Flushing RAM chunk to a new disk chunk

FLUSH RAMCHUNK

FLUSH RAMCHUNK rt_table

The FLUSH RAMCHUNK command creates a new disk chunk in an RT table.

Normally, an RT table would automatically flush and convert the contents of the RAM chunk into a new disk chunk once the RAM chunk reaches the maximum allowed rt_mem_limit size. However, for debugging and testing purposes, it might be useful to forcibly create a new disk chunk, and the FLUSH RAMCHUNK statement does exactly that.

‹›
  • SQL
SQL
📋
FLUSH RAMCHUNK rt;
‹›
Response
Query OK, 0 rows affected (0.05 sec)

Flushing RAM chunk to disk

FLUSH TABLE

FLUSH TABLE rt_table

FLUSH TABLE forcefully flushes RT table RAM chunk contents to disk.

The real-time table RAM chunk is automatically flushed to disk during a clean shutdown, or periodically every rt_flush_period seconds.

Issuing a FLUSH TABLE command not only forces the RAM chunk contents to be written to disk but also triggers the cleanup of binary log files.

‹›
  • SQL
SQL
📋
FLUSH TABLE rt;
‹›
Response
Query OK, 0 rows affected (0.05 sec)

Compacting a Table

Over time, RT tables may become fragmented into numerous disk chunks and/or contaminated with deleted, yet unpurged data, affecting search performance. In these cases, optimization is necessary. Essentially, the optimization process combines pairs of disk chunks, removing documents that were previously deleted using DELETE statements.

Beginning with Manticore 4, this process occurs automatically by default. However, you can also use the following commands to manually initiate table compaction.

OPTIMIZE TABLE

OPTIMIZE TABLE index_name [OPTION opt_name = opt_value [,...]]

OPTIMIZE statement adds an RT table to the optimization queue, which will be processed in a background thread.

‹›
  • SQL
SQL
📋
OPTIMIZE TABLE rt;

Number of optimized disk chunks

By default, OPTIMIZE merges the RT table's disk chunks down to a number equal to # of CPU cores * 2. You can control the number of optimized disk chunks using the cutoff option.
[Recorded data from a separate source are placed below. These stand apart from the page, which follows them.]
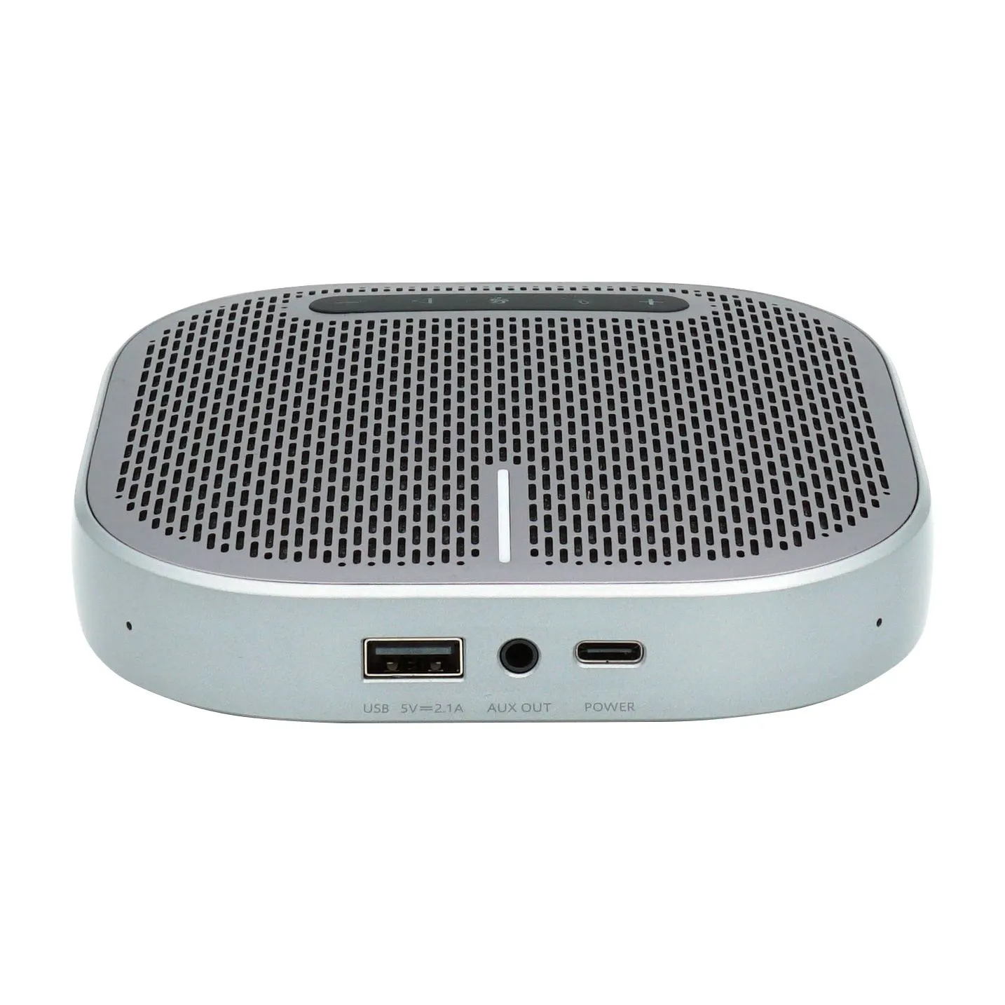 Спикерфон с встроенным массивом из 4 микрофонов, всенаправленный захват на 360°, полнодуплексная аудиотехнология. Поддержка эхоподавления (AEC), шумоподавления (ANS) и функции автоматического усиления (AGC). Динамики High Fidelity и адаптивная технология усиления высокой четкости обеспечивают высокое качество звука. Его также можно использовать в качестве динамика Bluetooth, просто подключив его к телефону или компьютеру через Bluetooth. Встроенная батарея большой емкости может дать мобильному телефону и другому оборудованию аварийное электропитание.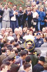 Ahmet Taner Kışlalı'yı profesörler cüppeleriyle askerler, yağmura rağmen üzerini kapamadıkları üniformaları ile uğurladılar. İlk kez asker, bir 'sivil'in cenazesine böyle büyük bir katılım gösterdi ve ilk kez asker, bir cenazede alkış tuttu. Törende ağlayan askerler de vardı.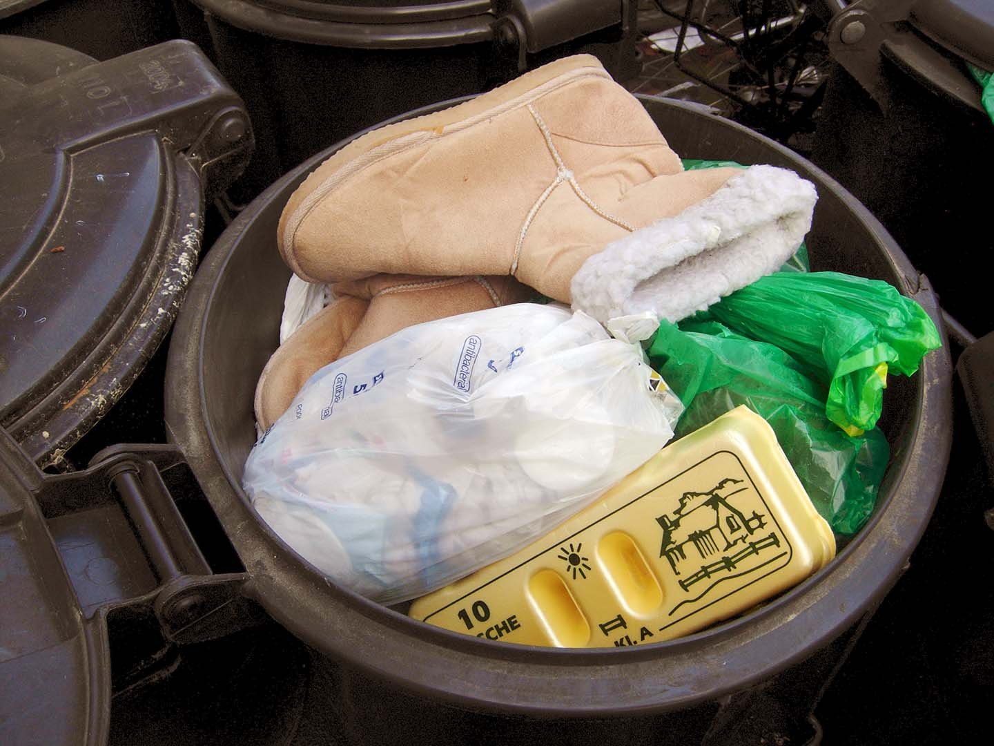 Uggs in der Mülltonne.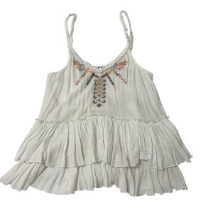 Free People Meadow Ballerina Top White Embroidered Boho Festival Layer Ruffle M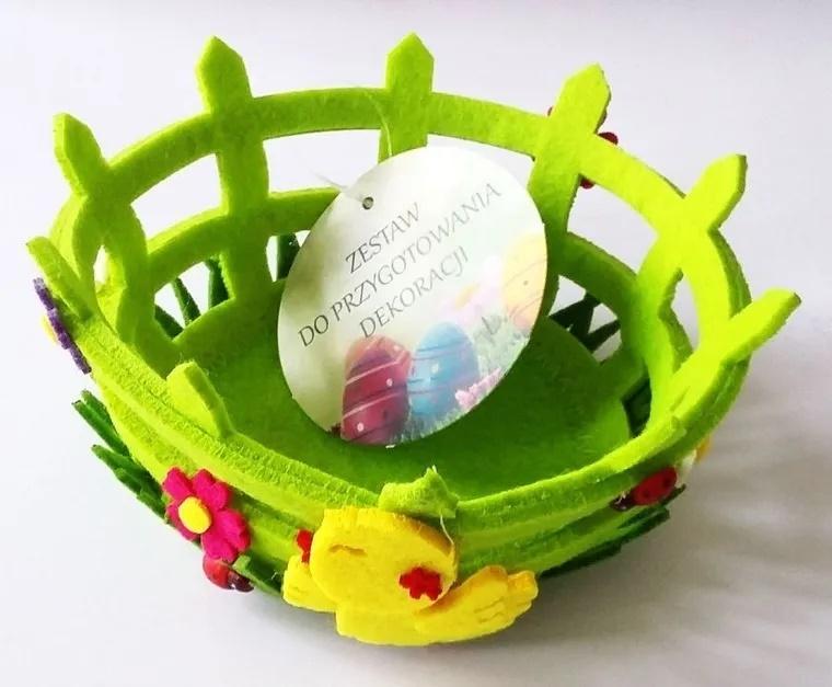 Koszyczek wielkanocny wykonany z filcu, który idealnie nada się do przygotowania wielkanocnej dekoracji na stół.

Additional options include:

‹›
  • SQL
SQL
📋
OPTIMIZE TABLE rt OPTION cutoff=4;

Running in foreground

When using OPTION sync=1 (0 by default), the command will wait for the optimization process to complete before returning. If the connection is interrupted, the optimization will continue running on the server.

‹›
  • SQL
SQL
📋
OPTIMIZE TABLE rt OPTION sync=1;

Throttling the IO impact

Optimization can be a lengthy and I/O-intensive process. To minimize the impact, all actual merge work is executed serially in a special background thread, and the OPTIMIZE statement simply adds a job to its queue. The optimization thread can be I/O-throttled, and you can control the maximum number of I/Os per second and the maximum I/O size with the rt_merge_iops and rt_merge_maxiosize directives, respectively.

During optimization, the RT table being optimized remains online and available for both searching and updates nearly all the time. It is locked for a very brief period when a pair of disk chunks is successfully merged, allowing for the renaming of old and new files and updating the table header.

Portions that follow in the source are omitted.